Member of the National Assembly for Réunion's 1st constituency
- Incumbent
- Assumed office 14 July 2020
- Preceded by: Ericka Bareigts
- In office 12 March 2016 – 17 June 2017
- Preceded by: Ericka Bareigts
- Succeeded by: Ericka Bareigts

Municipal Councillor of Saint-Denis, Reunion
- In office 16 March 2008 – 16 March 2014

Personal details
- Born: 14 August 1960 (age 65) Saint-Denis, Réunion
- Party: Socialist Party
- Alma mater: University of La Réunion

= Philippe Naillet =

French politician

Philippe Naillet (born 14 August 1960 in Saint-Denis, Reunion) is a French politician. A member of the Socialist Party and a municipal councillor of Saint-Denis, he was the substitute for Ericka Bareigts, the successful candidate for Réunion's 1st constituency in the 2012 election.

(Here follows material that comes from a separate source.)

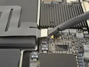 Use the flat end of a spudger to pry the USB-C cable connector up and out of its socket on the logic board.

He replaced Bareigts when she was appointed Minister of Overseas France in 2016 and served as deputy until the 2017 election.

==Early life and career==
Naillet studied at the University of Reunion. He was then a Life Insurance Inspector for AG2R La Mondiale.

==Political positions==
In 2023, Naillet publicly endorsed the re-election of the Socialist Party's chairman Olivier Faure.